Diversion programmes are separated from the mainstream Criminal Justice System to prevent children from being exposed to the adverse effects of the formal justice system.
Instead of the normal prosecutorial processes, children are ordered to attend programmes to address their criminal conduct. Examples of “diversions” include the child making an oral or written apology; the child being referred to counselling or therapy; doing community service or paying compensation to the victim. The purpose of a diversion program is rehabilitative and to address the underlying problem that led the child to commit a crime.
A child is only eligible for diversion if they acknowledge their offence. The child’s compliance with the diversion order is monitored and reported back to the court. These diversions only apply to Schedule 1 offences.
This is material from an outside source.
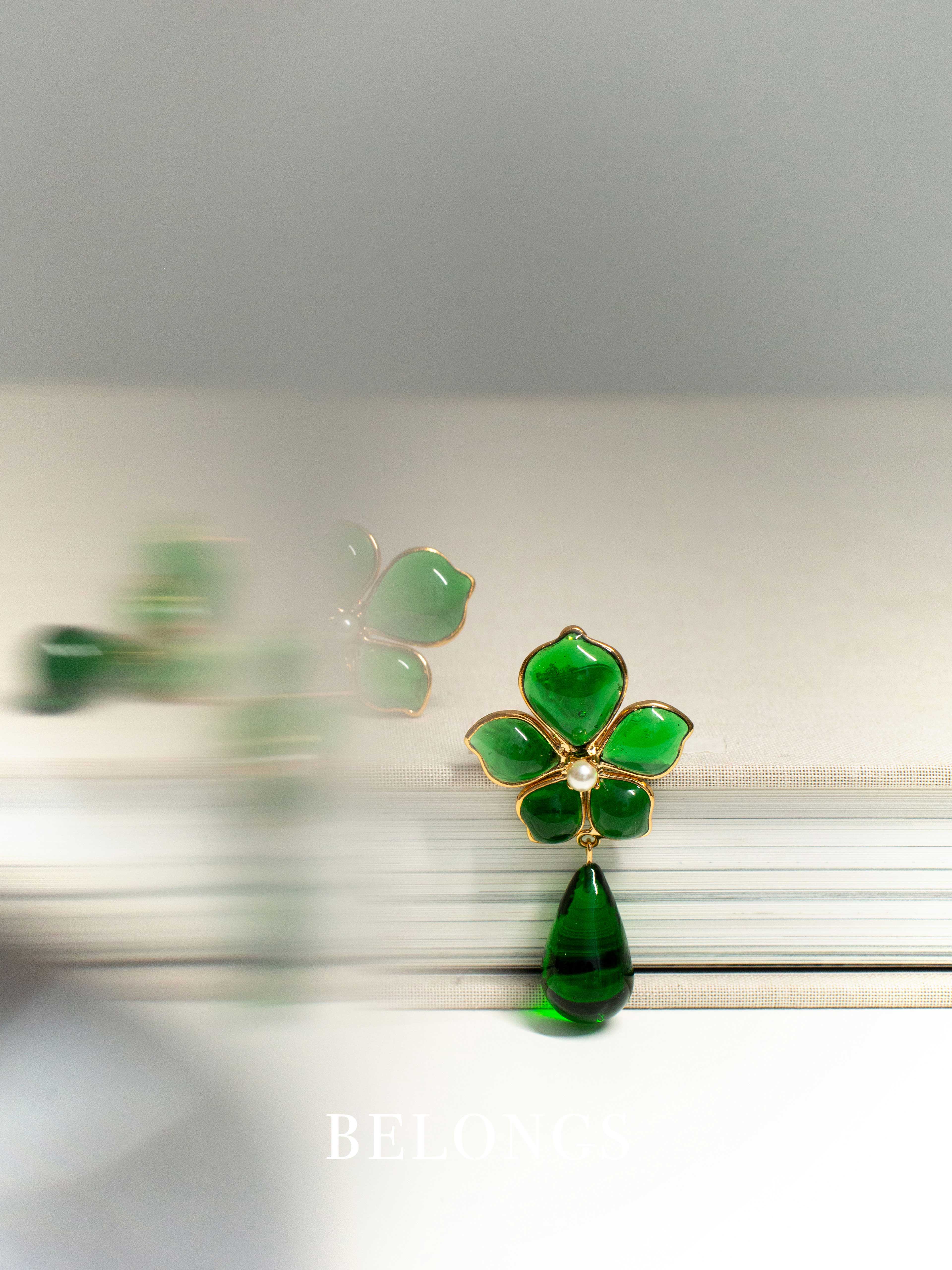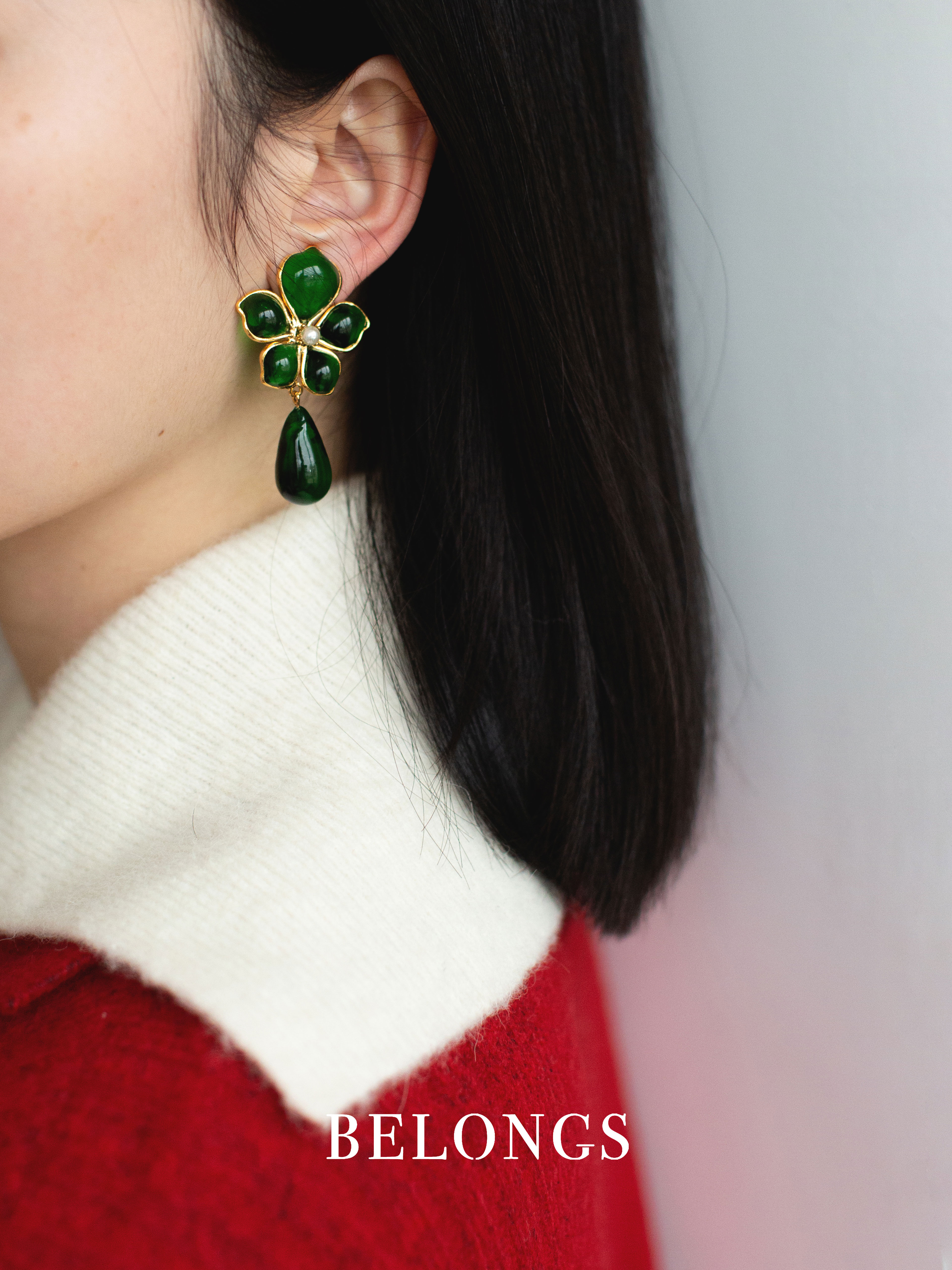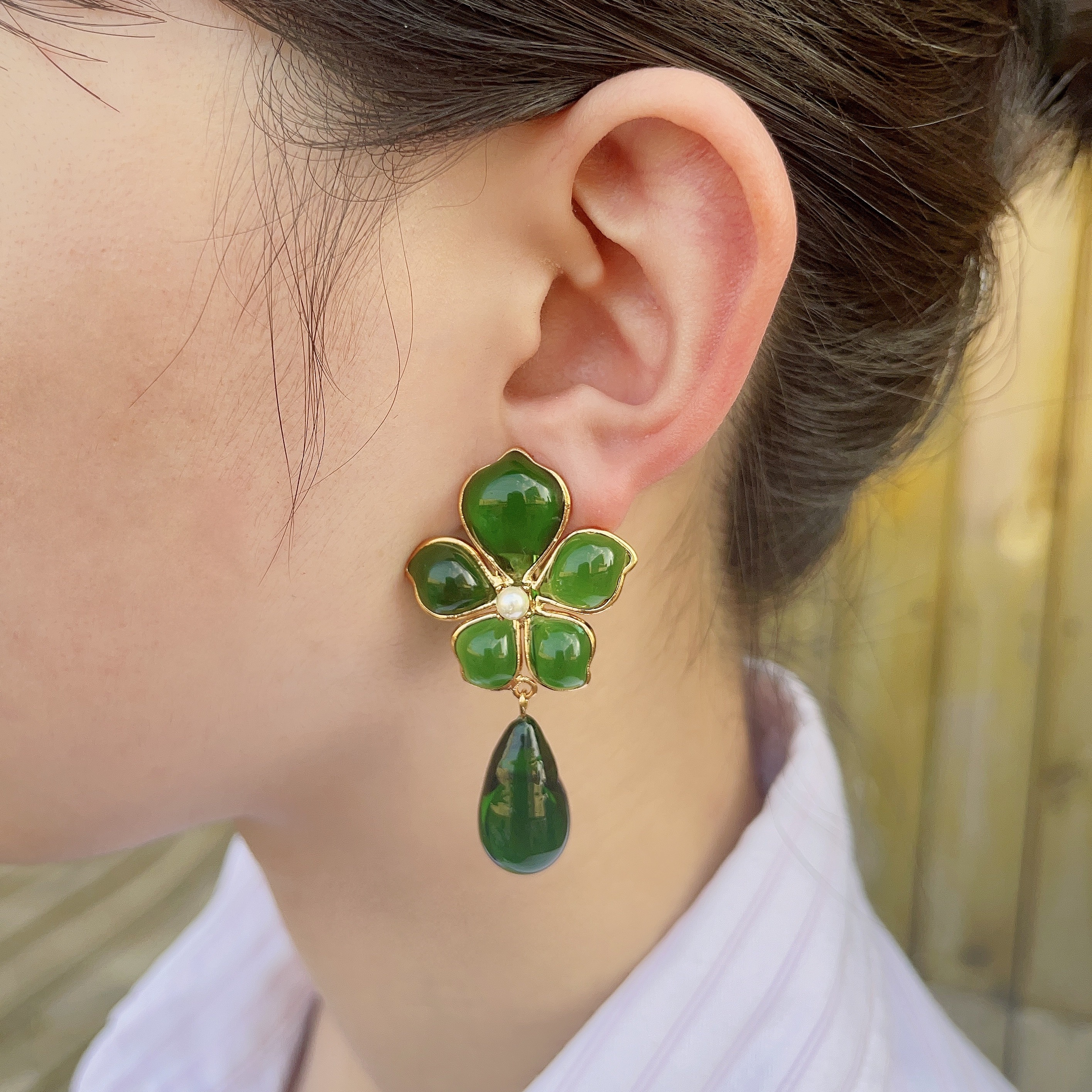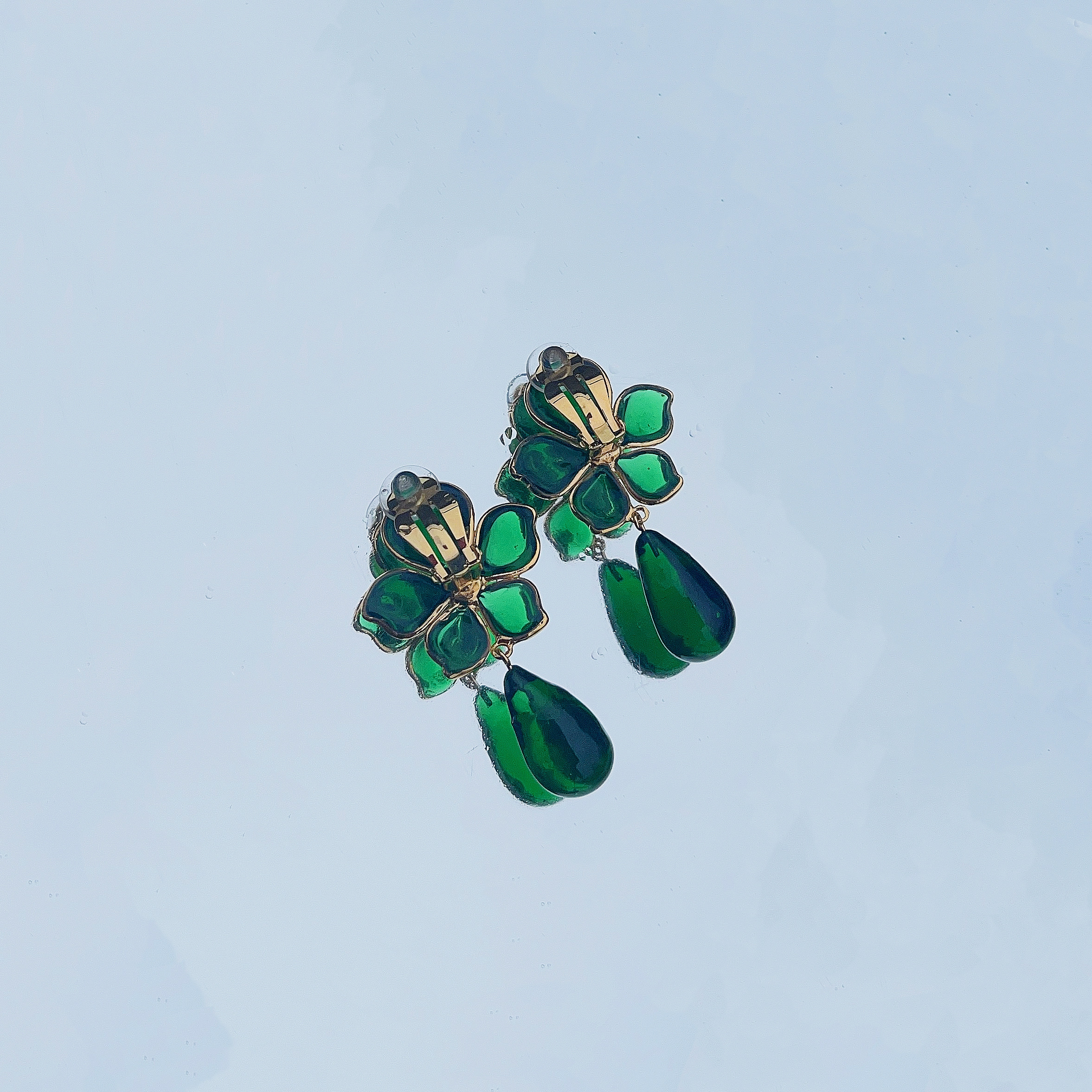 北京仓|Gripoix Paris-Tropical Flower-帝王绿 花朵 耳环[法国设计师]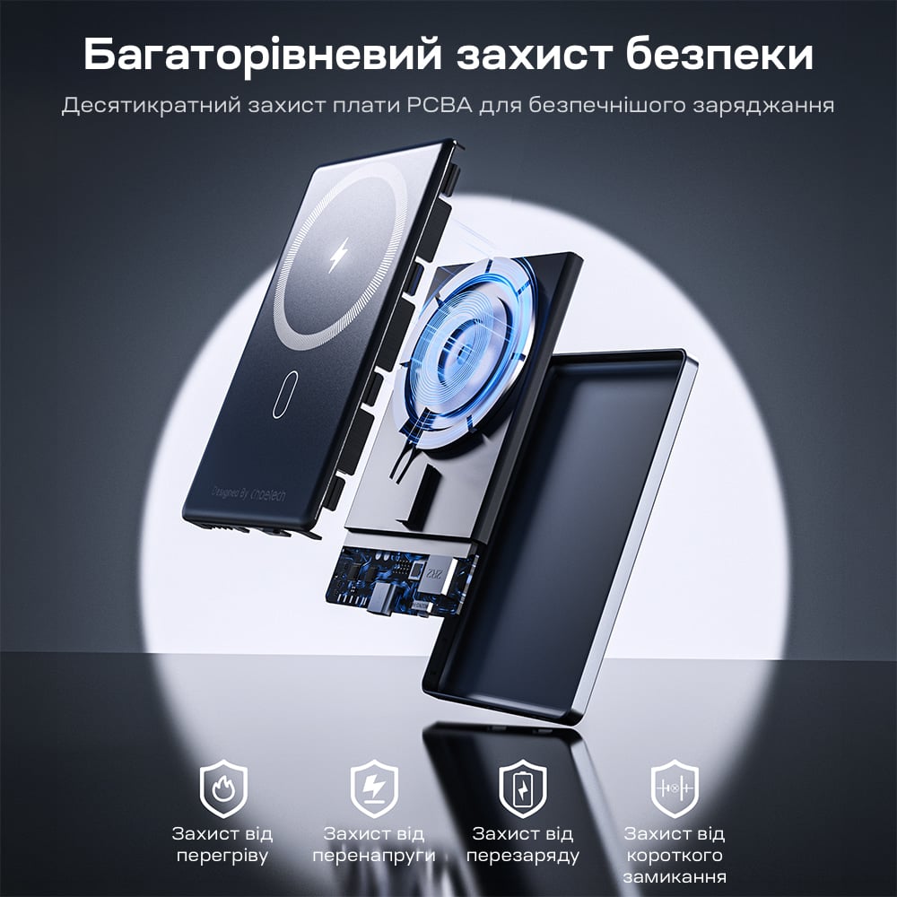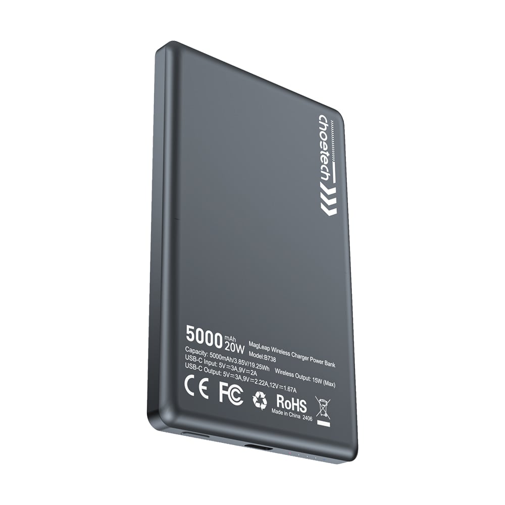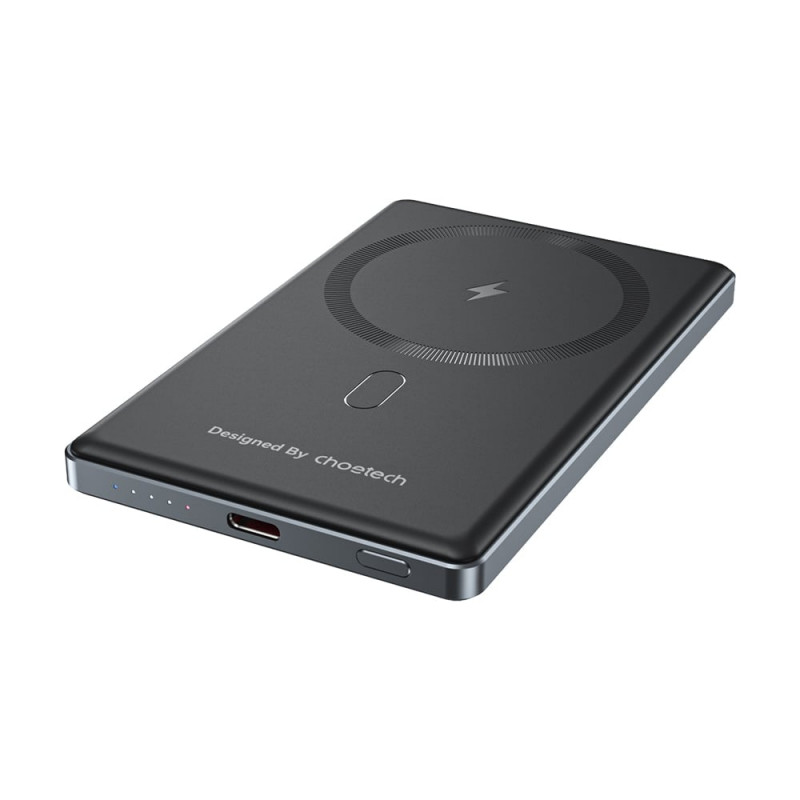 Повербанк з ємністю батареї 5000 мА·год, з бездротовою магнітною зарядкою; тип батареї: літій-полімерна (Li-pol); інтерфейси: вхід Type-C: 5V/2.4A, 9V/2A, 12V/1.5A (макс. 18 Вт), виходи: Type-C: 5V/3A, 9V/2.22A, 12V/1.67A (макс. 20 Вт); бездротова зарядка: 5V/1A, 5V/1.5A, 5V/2A, 5V/3A (макс. 15 Вт); LED-індикація; протоколи швидкого заряджання PD3.0 / QC3.0 / AFC / FCP / Apple2.4A; розміри 105 / 66 / 8.9 мм; у комплекті кабель з роз’ємами Type-C довжиною 30 см

Where Schedule 2 and 3 offences are involved, the child may be ordered to do a diversion but it will be supplemented with referral to intensive therapy, and/or compulsory attendance of vocational, educational or therapeutic programmes or placement. These will be under the supervision of a probation officer and may also include restrictions on the child’s movement.
Removing Criminal Records
The Act also allows for the expungement or removal of criminal records. Only criminal records for Schedule 1 and 2 offences may be wiped out. For Schedule 1 offences, a child’s criminal record can be removed after 5 years from the date of conviction and for Schedule 2 offences, after 10 years.
For the record to be removed or expunged, an application must be made to the Director-General of Justice and Constitutional Development. If the Director-General is satisfied that the child meets the requirements, he or she will issue a ‘Certificate of Expungement’.